The data –
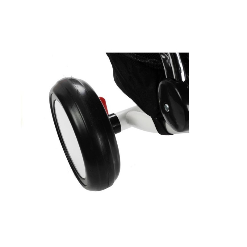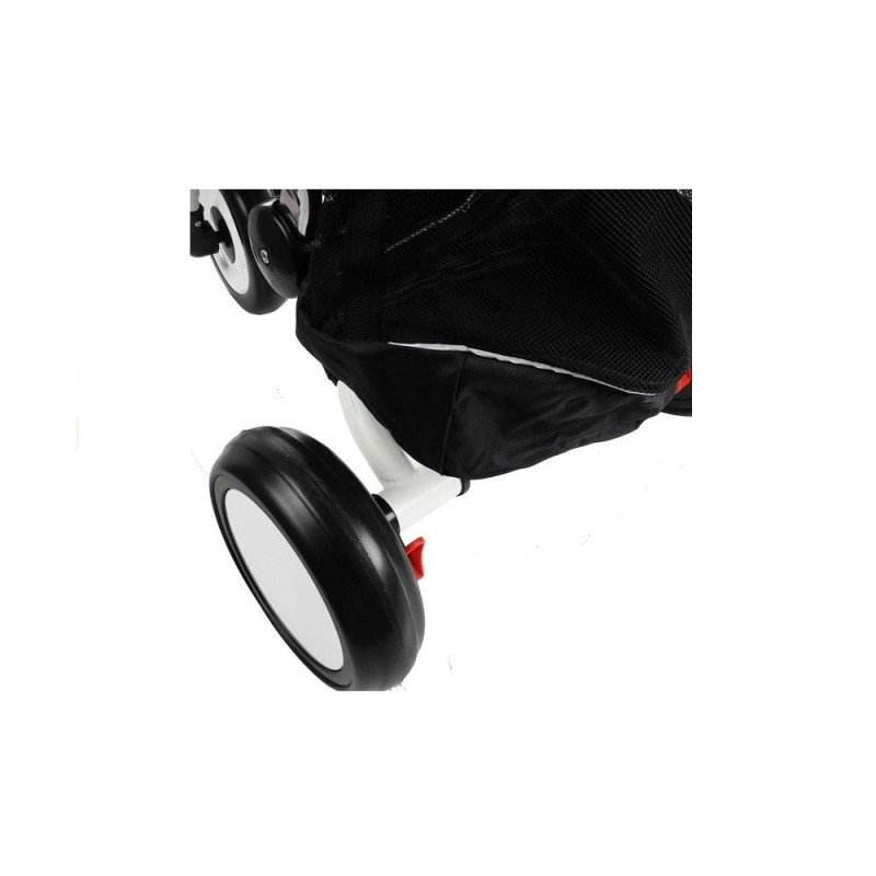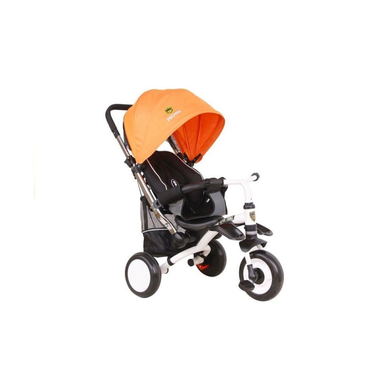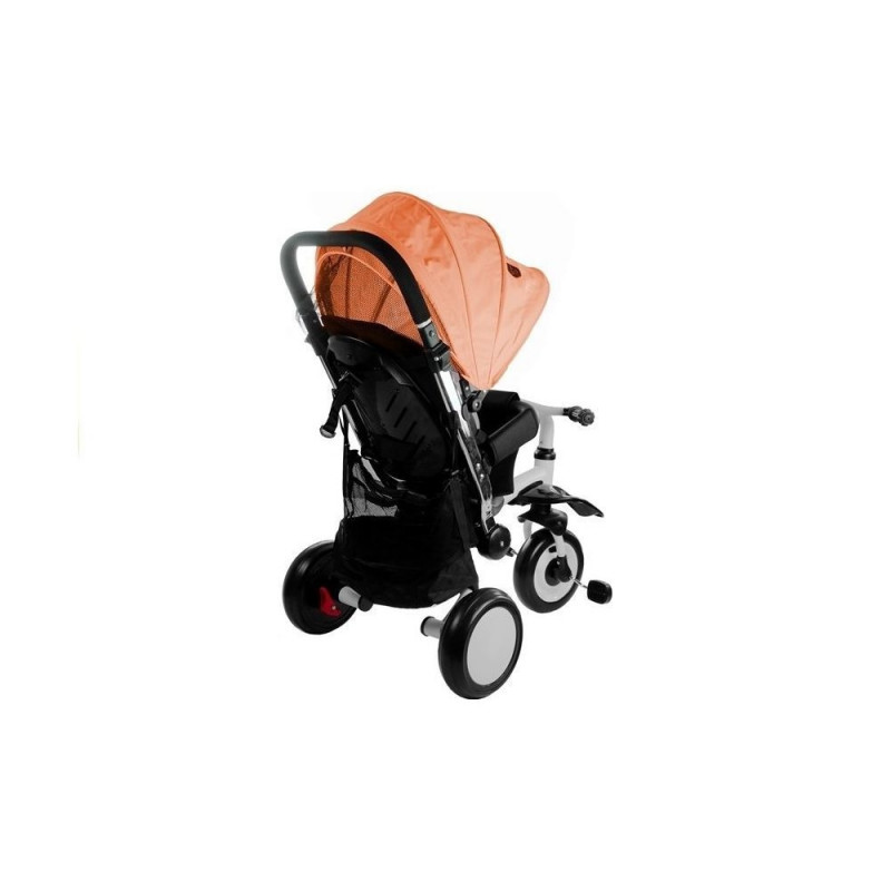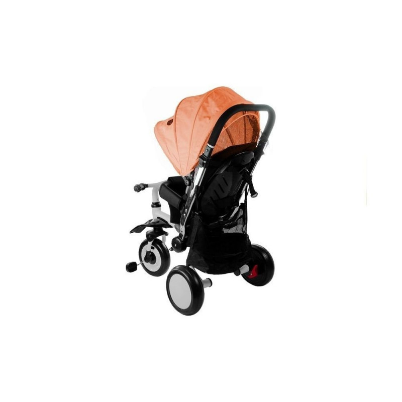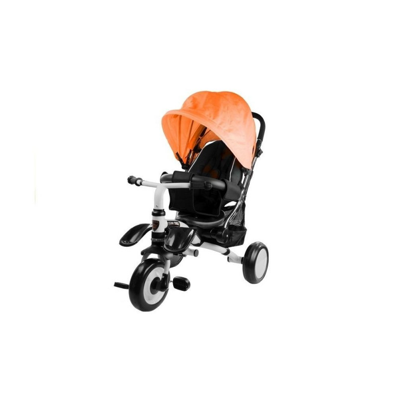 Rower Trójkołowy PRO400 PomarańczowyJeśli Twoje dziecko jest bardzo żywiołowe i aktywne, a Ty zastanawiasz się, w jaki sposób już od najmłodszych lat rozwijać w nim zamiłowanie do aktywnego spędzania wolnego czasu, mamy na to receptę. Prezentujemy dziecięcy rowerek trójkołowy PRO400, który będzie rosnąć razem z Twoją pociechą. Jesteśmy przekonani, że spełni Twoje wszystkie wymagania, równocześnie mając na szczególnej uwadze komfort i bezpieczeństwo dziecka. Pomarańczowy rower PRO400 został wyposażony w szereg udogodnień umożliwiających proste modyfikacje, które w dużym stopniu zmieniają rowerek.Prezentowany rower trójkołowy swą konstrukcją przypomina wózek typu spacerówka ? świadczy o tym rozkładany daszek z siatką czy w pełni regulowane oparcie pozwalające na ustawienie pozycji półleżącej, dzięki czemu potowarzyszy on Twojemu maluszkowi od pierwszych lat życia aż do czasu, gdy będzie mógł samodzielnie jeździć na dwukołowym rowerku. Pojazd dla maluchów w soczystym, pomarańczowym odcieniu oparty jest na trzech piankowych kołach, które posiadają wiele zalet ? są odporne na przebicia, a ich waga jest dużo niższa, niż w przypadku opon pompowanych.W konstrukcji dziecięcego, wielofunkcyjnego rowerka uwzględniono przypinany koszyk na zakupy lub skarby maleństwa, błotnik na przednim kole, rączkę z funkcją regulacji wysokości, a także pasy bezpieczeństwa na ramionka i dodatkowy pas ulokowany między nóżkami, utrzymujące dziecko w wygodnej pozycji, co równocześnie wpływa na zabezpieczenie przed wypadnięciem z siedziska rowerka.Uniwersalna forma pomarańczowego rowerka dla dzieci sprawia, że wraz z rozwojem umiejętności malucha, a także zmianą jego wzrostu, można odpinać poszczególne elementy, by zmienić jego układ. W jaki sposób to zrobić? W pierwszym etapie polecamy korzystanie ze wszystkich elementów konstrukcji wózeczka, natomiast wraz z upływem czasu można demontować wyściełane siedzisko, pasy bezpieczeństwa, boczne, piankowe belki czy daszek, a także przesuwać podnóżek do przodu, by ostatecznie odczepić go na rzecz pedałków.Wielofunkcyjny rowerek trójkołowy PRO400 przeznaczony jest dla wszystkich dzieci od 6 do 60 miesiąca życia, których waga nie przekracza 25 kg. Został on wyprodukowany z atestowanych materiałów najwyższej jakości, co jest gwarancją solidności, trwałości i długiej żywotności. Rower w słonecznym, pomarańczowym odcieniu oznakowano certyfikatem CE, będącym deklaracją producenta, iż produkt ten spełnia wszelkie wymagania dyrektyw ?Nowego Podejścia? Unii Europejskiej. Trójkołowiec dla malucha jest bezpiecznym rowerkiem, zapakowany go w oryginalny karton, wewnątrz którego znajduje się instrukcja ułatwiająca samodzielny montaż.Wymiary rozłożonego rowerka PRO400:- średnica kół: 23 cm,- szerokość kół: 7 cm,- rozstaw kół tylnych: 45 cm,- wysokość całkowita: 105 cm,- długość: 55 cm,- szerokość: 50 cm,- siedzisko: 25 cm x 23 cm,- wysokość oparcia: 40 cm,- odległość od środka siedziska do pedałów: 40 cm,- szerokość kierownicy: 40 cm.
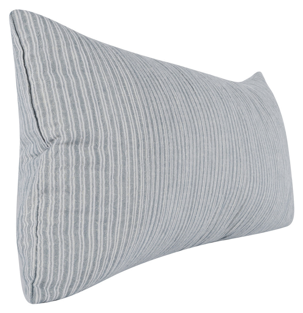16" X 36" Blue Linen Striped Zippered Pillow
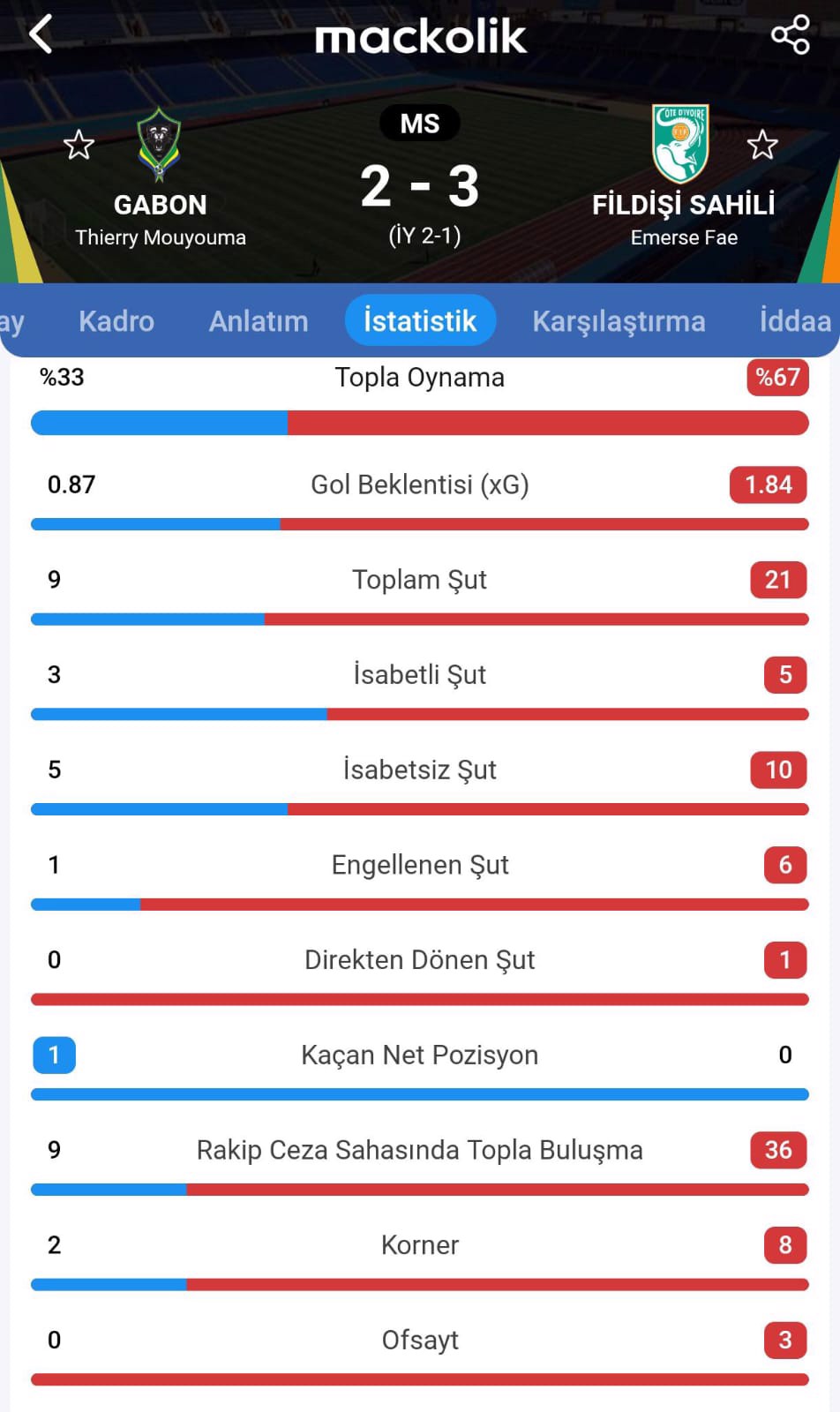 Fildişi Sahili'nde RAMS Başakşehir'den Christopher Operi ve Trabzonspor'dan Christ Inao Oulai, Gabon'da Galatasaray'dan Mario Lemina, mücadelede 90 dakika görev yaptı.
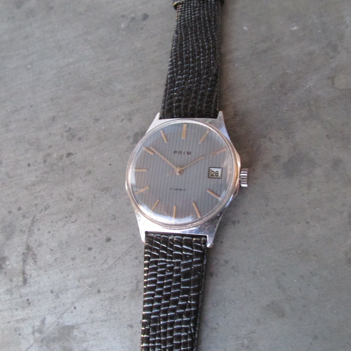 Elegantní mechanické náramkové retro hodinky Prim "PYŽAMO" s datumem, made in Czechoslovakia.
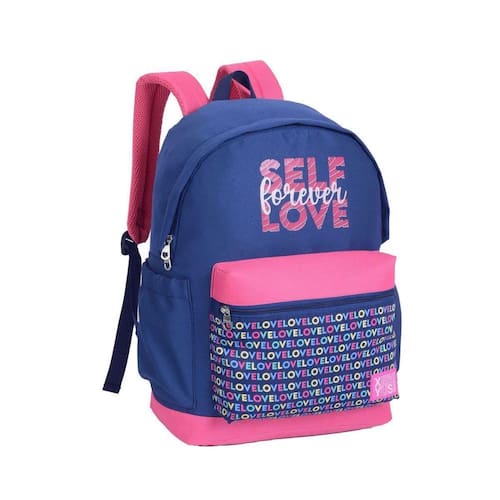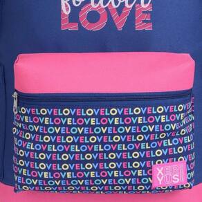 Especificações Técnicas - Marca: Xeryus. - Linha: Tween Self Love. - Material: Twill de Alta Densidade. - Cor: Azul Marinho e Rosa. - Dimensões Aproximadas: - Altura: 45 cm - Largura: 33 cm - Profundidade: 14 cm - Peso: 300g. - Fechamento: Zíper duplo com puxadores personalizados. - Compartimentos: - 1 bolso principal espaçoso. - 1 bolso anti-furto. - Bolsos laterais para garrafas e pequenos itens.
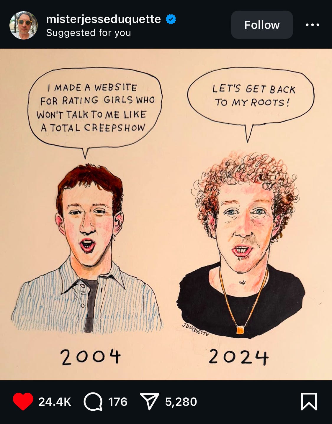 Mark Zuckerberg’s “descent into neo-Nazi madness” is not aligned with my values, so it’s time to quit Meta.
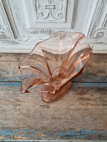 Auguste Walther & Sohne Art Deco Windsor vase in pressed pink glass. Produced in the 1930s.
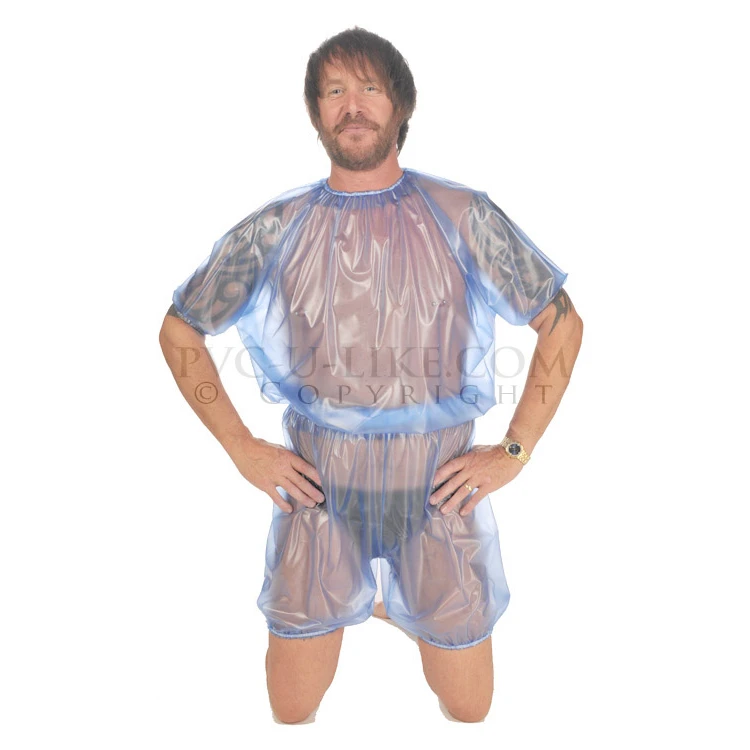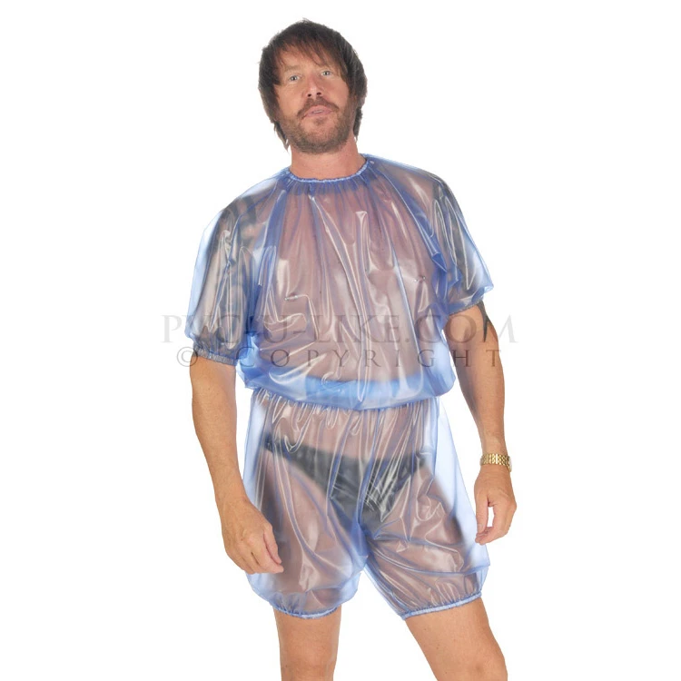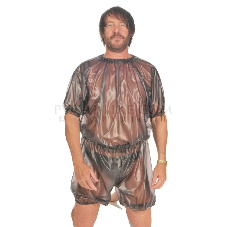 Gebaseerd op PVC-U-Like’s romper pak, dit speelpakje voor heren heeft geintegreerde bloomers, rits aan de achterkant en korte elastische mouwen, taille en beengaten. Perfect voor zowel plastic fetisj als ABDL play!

What you are asked to do –
Any picture in the data is to be skipped, while each line is returned exactly as written.

Solution to this problem –
 Rower Trójkołowy PRO400 PomarańczowyJeśli Twoje dziecko jest bardzo żywiołowe i aktywne, a Ty zastanawiasz się, w jaki sposób już od najmłodszych lat rozwijać w nim zamiłowanie do aktywnego spędzania wolnego czasu, mamy na to receptę. Prezentujemy dziecięcy rowerek trójkołowy PRO400, który będzie rosnąć razem z Twoją pociechą. Jesteśmy przekonani, że spełni Twoje wszystkie wymagania, równocześnie mając na szczególnej uwadze komfort i bezpieczeństwo dziecka. Pomarańczowy rower PRO400 został wyposażony w szereg udogodnień umożliwiających proste modyfikacje, które w dużym stopniu zmieniają rowerek.Prezentowany rower trójkołowy swą konstrukcją przypomina wózek typu spacerówka ? świadczy o tym rozkładany daszek z siatką czy w pełni regulowane oparcie pozwalające na ustawienie pozycji półleżącej, dzięki czemu potowarzyszy on Twojemu maluszkowi od pierwszych lat życia aż do czasu, gdy będzie mógł samodzielnie jeździć na dwukołowym rowerku. Pojazd dla maluchów w soczystym, pomarańczowym odcieniu oparty jest na trzech piankowych kołach, które posiadają wiele zalet ? są odporne na przebicia, a ich waga jest dużo niższa, niż w przypadku opon pompowanych.W konstrukcji dziecięcego, wielofunkcyjnego rowerka uwzględniono przypinany koszyk na zakupy lub skarby maleństwa, błotnik na przednim kole, rączkę z funkcją regulacji wysokości, a także pasy bezpieczeństwa na ramionka i dodatkowy pas ulokowany między nóżkami, utrzymujące dziecko w wygodnej pozycji, co równocześnie wpływa na zabezpieczenie przed wypadnięciem z siedziska rowerka.Uniwersalna forma pomarańczowego rowerka dla dzieci sprawia, że wraz z rozwojem umiejętności malucha, a także zmianą jego wzrostu, można odpinać poszczególne elementy, by zmienić jego układ. W jaki sposób to zrobić? W pierwszym etapie polecamy korzystanie ze wszystkich elementów konstrukcji wózeczka, natomiast wraz z upływem czasu można demontować wyściełane siedzisko, pasy bezpieczeństwa, boczne, piankowe belki czy daszek, a także przesuwać podnóżek do przodu, by ostatecznie odczepić go na rzecz pedałków.Wielofunkcyjny rowerek trójkołowy PRO400 przeznaczony jest dla wszystkich dzieci od 6 do 60 miesiąca życia, których waga nie przekracza 25 kg. Został on wyprodukowany z atestowanych materiałów najwyższej jakości, co jest gwarancją solidności, trwałości i długiej żywotności. Rower w słonecznym, pomarańczowym odcieniu oznakowano certyfikatem CE, będącym deklaracją producenta, iż produkt ten spełnia wszelkie wymagania dyrektyw ?Nowego Podejścia? Unii Europejskiej. Trójkołowiec dla malucha jest bezpiecznym rowerkiem, zapakowany go w oryginalny karton, wewnątrz którego znajduje się instrukcja ułatwiająca samodzielny montaż.Wymiary rozłożonego rowerka PRO400:- średnica kół: 23 cm,- szerokość kół: 7 cm,- rozstaw kół tylnych: 45 cm,- wysokość całkowita: 105 cm,- długość: 55 cm,- szerokość: 50 cm,- siedzisko: 25 cm x 23 cm,- wysokość oparcia: 40 cm,- odległość od środka siedziska do pedałów: 40 cm,- szerokość kierownicy: 40 cm.
16" X 36" Blue Linen Striped Zippered Pillow
 Fildişi Sahili'nde RAMS Başakşehir'den Christopher Operi ve Trabzonspor'dan Christ Inao Oulai, Gabon'da Galatasaray'dan Mario Lemina, mücadelede 90 dakika görev yaptı.
 Elegantní mechanické náramkové retro hodinky Prim "PYŽAMO" s datumem, made in Czechoslovakia.
 Especificações Técnicas - Marca: Xeryus. - Linha: Tween Self Love. - Material: Twill de Alta Densidade. - Cor: Azul Marinho e Rosa. - Dimensões Aproximadas: - Altura: 45 cm - Largura: 33 cm - Profundidade: 14 cm - Peso: 300g. - Fechamento: Zíper duplo com puxadores personalizados. - Compartimentos: - 1 bolso principal espaçoso. - 1 bolso anti-furto. - Bolsos laterais para garrafas e pequenos itens.
 Mark Zuckerberg’s “descent into neo-Nazi madness” is not aligned with my values, so it’s time to quit Meta.
 Auguste Walther & Sohne Art Deco Windsor vase in pressed pink glass. Produced in the 1930s.
 Gebaseerd op PVC-U-Like’s romper pak, dit speelpakje voor heren heeft geintegreerde bloomers, rits aan de achterkant en korte elastische mouwen, taille en beengaten. Perfect voor zowel plastic fetisj als ABDL play!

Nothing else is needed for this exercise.